──────── INPUT FOR THIS TASK
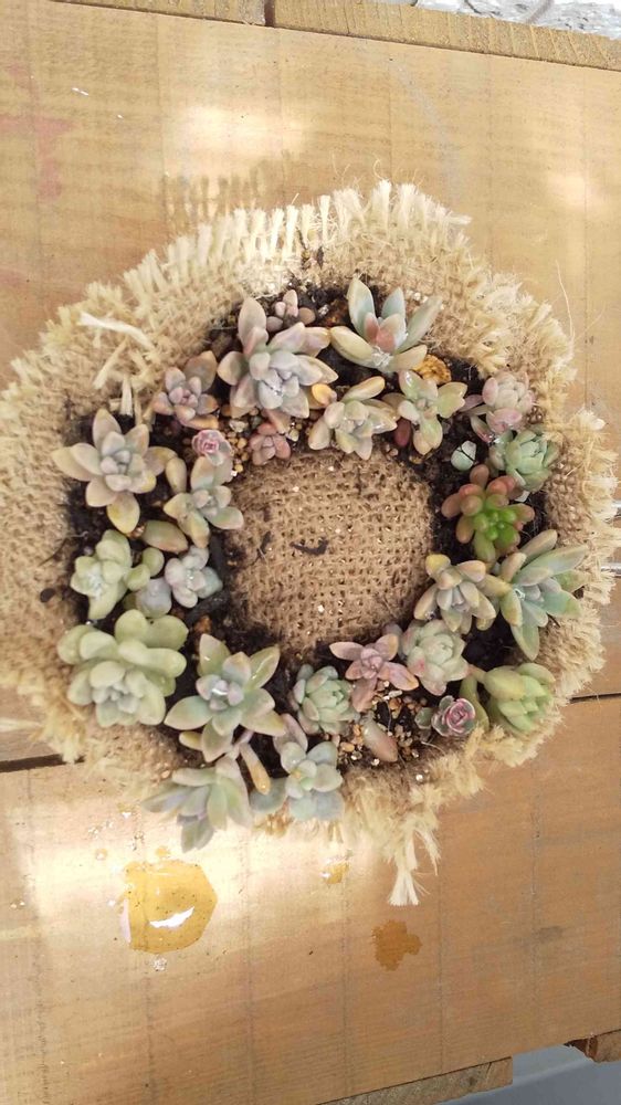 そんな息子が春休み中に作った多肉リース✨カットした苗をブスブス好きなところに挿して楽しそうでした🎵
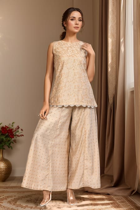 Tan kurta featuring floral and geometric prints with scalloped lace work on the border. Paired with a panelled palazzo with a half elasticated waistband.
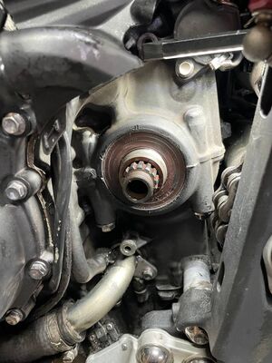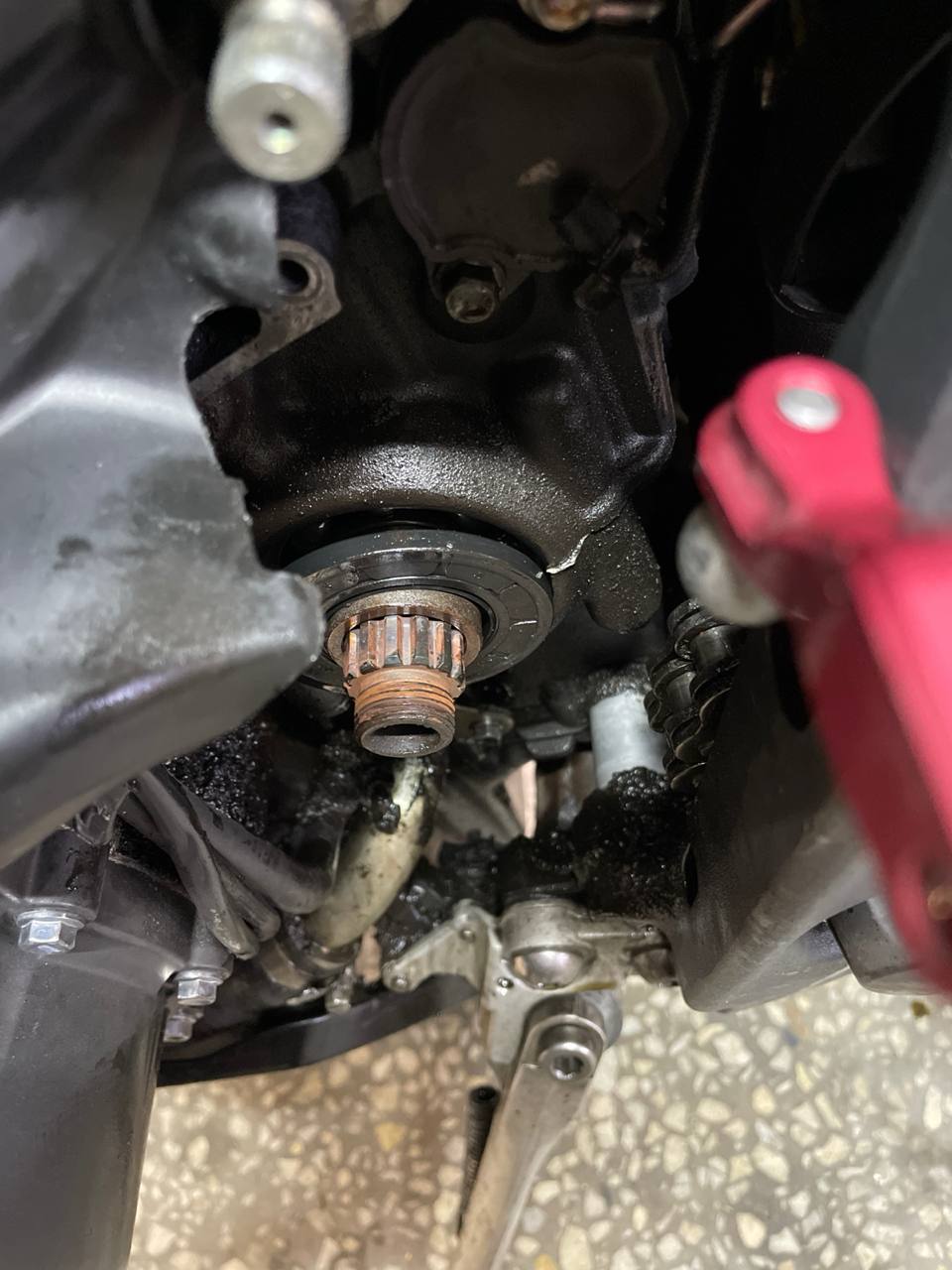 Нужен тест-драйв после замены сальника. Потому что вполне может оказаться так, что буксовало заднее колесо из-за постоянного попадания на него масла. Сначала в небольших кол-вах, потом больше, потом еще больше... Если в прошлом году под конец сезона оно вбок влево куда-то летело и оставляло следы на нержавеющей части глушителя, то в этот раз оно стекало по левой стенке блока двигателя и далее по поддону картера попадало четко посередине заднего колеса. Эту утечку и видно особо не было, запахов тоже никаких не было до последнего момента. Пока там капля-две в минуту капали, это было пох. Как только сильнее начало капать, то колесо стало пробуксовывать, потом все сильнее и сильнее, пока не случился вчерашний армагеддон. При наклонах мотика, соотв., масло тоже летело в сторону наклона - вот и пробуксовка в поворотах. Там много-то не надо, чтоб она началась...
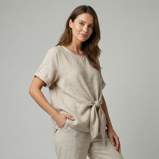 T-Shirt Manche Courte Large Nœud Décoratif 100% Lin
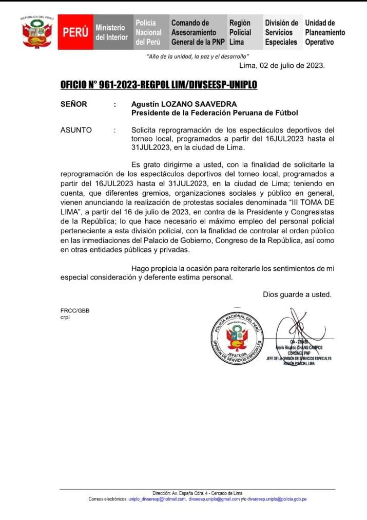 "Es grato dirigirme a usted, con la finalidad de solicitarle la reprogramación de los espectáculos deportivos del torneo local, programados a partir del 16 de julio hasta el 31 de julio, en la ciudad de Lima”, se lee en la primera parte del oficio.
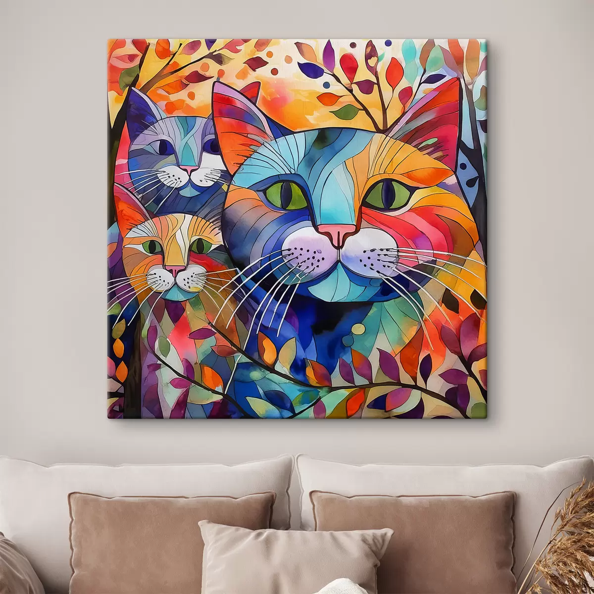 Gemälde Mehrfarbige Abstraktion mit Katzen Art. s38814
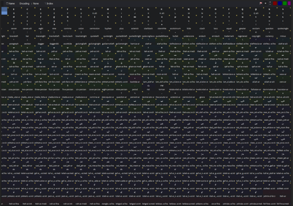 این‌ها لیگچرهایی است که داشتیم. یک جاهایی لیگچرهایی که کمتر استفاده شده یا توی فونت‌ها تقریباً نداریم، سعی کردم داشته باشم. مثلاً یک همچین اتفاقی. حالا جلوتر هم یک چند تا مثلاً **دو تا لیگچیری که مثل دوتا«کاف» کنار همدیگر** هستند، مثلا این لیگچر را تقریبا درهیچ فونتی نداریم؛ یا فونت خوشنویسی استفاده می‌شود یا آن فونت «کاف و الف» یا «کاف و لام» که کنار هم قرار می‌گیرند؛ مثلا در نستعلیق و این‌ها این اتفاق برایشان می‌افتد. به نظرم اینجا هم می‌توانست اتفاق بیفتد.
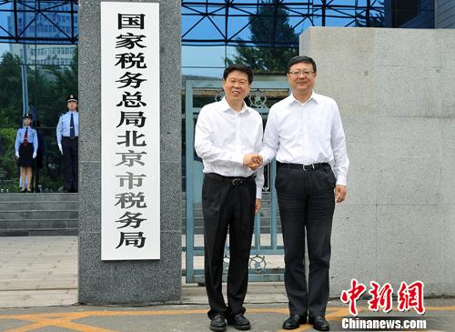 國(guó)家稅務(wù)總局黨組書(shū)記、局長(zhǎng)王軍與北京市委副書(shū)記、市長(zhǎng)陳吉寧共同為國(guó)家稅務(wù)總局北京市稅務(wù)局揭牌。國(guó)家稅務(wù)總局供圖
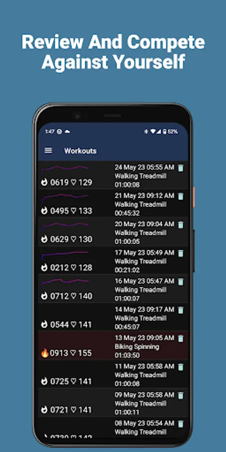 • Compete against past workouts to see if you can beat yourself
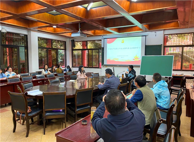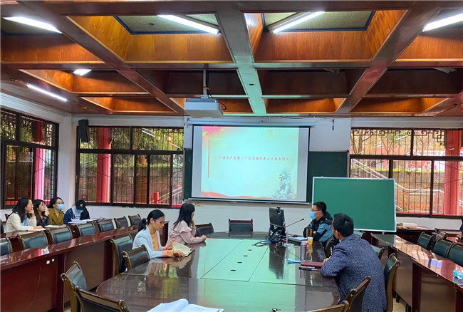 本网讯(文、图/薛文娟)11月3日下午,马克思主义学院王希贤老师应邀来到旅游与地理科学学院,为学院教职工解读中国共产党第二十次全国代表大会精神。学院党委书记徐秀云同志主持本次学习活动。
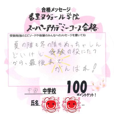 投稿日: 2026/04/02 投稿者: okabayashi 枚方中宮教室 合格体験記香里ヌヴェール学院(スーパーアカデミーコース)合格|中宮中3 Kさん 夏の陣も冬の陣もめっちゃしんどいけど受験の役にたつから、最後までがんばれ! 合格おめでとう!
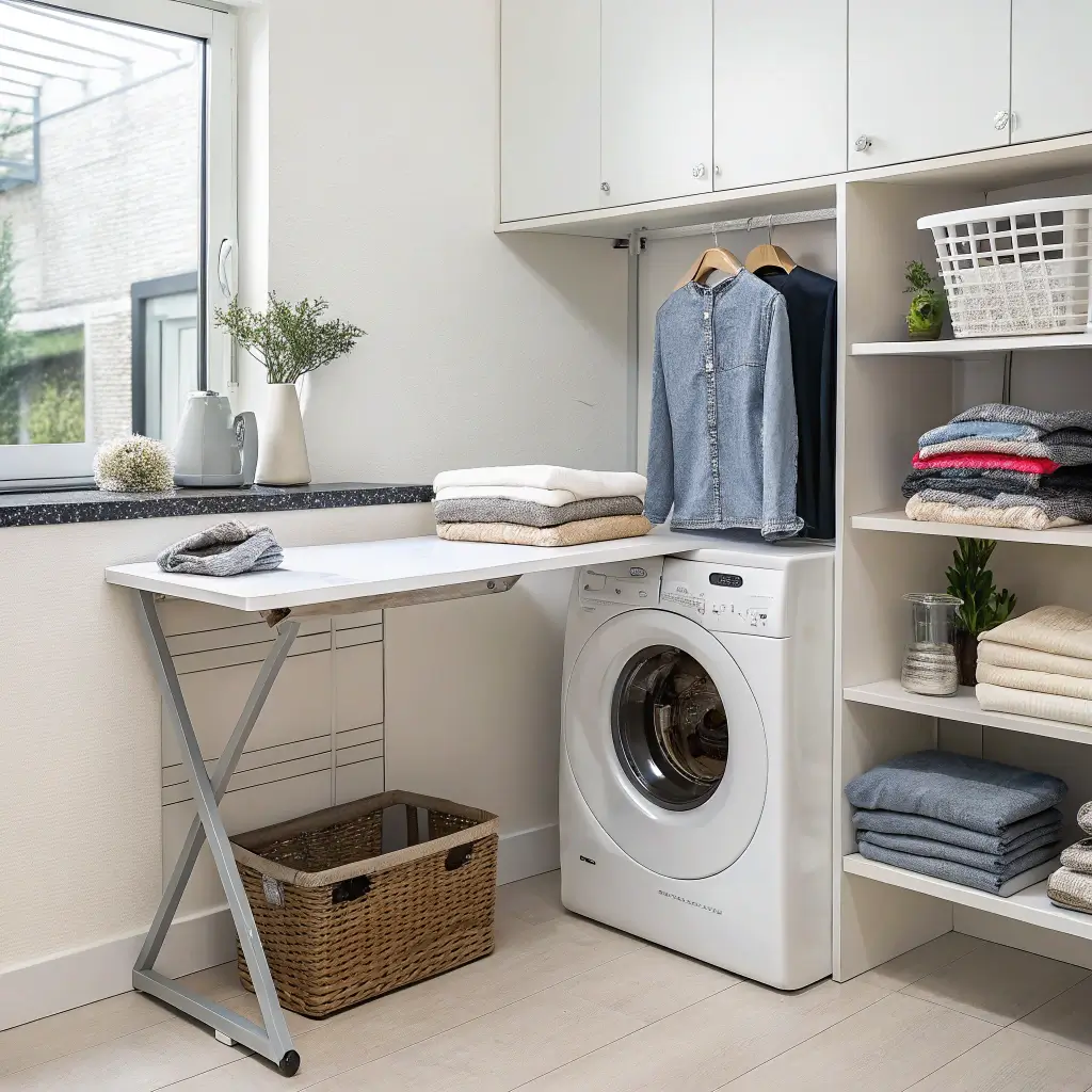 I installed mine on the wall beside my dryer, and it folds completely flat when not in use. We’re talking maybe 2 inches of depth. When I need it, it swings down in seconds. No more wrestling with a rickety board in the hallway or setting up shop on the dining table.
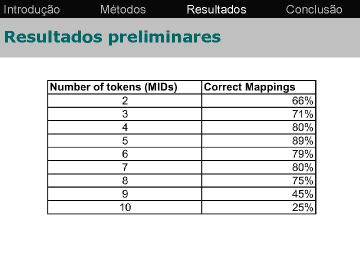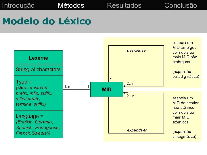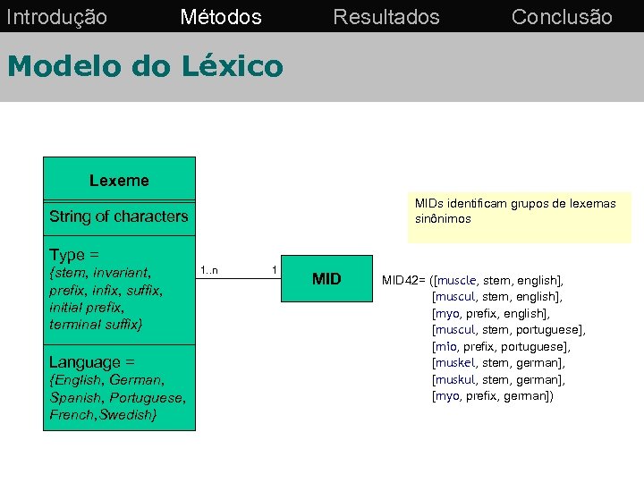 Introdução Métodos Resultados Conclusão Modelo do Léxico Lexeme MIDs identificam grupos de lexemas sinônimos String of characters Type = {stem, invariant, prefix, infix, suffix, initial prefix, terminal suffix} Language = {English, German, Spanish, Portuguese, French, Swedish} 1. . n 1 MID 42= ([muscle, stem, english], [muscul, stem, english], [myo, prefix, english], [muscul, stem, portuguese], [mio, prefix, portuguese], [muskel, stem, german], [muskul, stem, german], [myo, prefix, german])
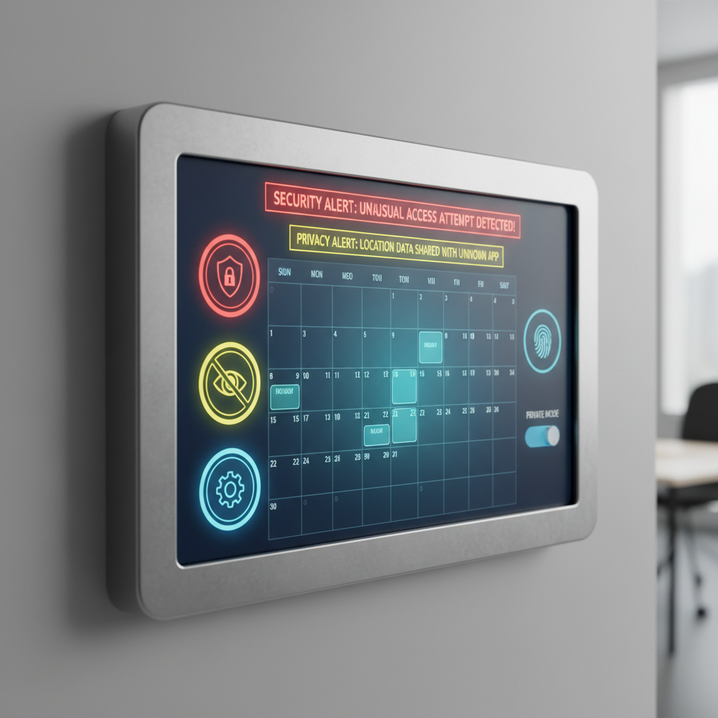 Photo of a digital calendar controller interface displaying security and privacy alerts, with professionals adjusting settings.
────────────────
• [TASK DIRECTIONS]: Copy everything above from the line holding "can beat yourself" down to the line holding "投稿日: 2026/04/02 投稿者: okabayashi", both ends included, exactly as it stands and without the pictures.

• [REPLY TO THE EXERCISE]:
 • Compete against past workouts to see if you can beat yourself
 本网讯(文、图/薛文娟)11月3日下午,马克思主义学院王希贤老师应邀来到旅游与地理科学学院,为学院教职工解读中国共产党第二十次全国代表大会精神。学院党委书记徐秀云同志主持本次学习活动。
 投稿日: 2026/04/02 投稿者: okabayashi 枚方中宮教室 合格体験記香里ヌヴェール学院(スーパーアカデミーコース)合格|中宮中3 Kさん 夏の陣も冬の陣もめっちゃしんどいけど受験の役にたつから、最後までがんばれ! 合格おめでとう!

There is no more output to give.